● **Try it**
Below are records; the lines starting at the one with "EDUARDO VEGA LUNA" and ending at the one with "Traktorer med sågade trävaror på släp." must be reproduced exactly, both included. Pictures must not appear.

Input records Start Marker

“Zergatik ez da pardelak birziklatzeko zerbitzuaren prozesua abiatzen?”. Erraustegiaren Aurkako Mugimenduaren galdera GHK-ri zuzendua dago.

Input records End Marker
Input records Start Marker

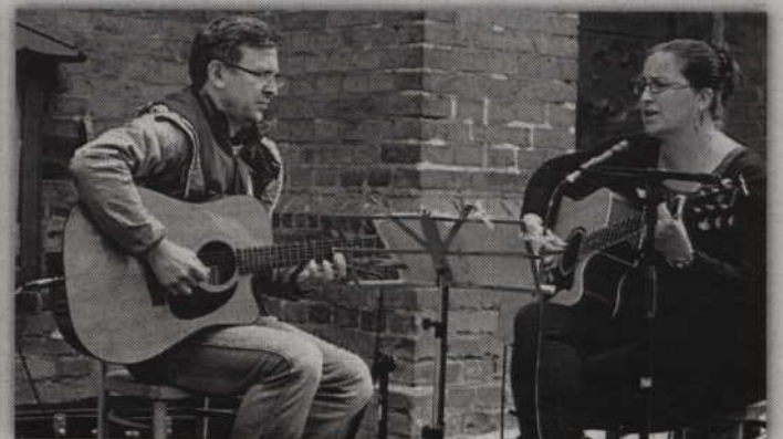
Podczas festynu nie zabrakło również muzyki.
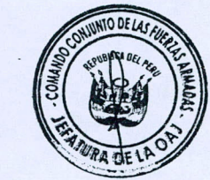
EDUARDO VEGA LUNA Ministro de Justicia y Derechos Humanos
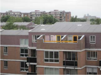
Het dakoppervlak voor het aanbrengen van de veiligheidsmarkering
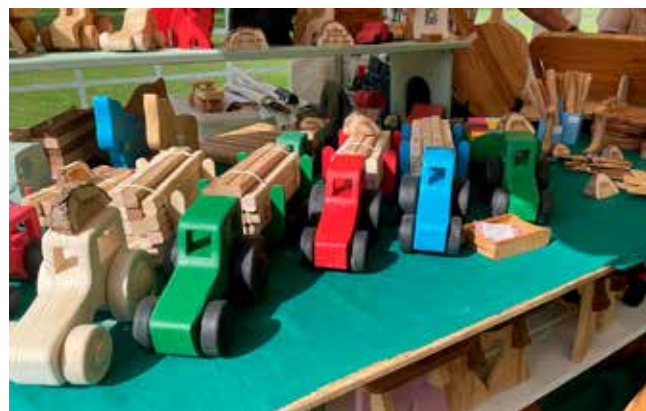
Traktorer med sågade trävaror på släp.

Input records End Marker

● **Answer to the problem**
EDUARDO VEGA LUNA Ministro de Justicia y Derechos Humanos
Het dakoppervlak voor het aanbrengen van de veiligheidsmarkering
Traktorer med sågade trävaror på släp.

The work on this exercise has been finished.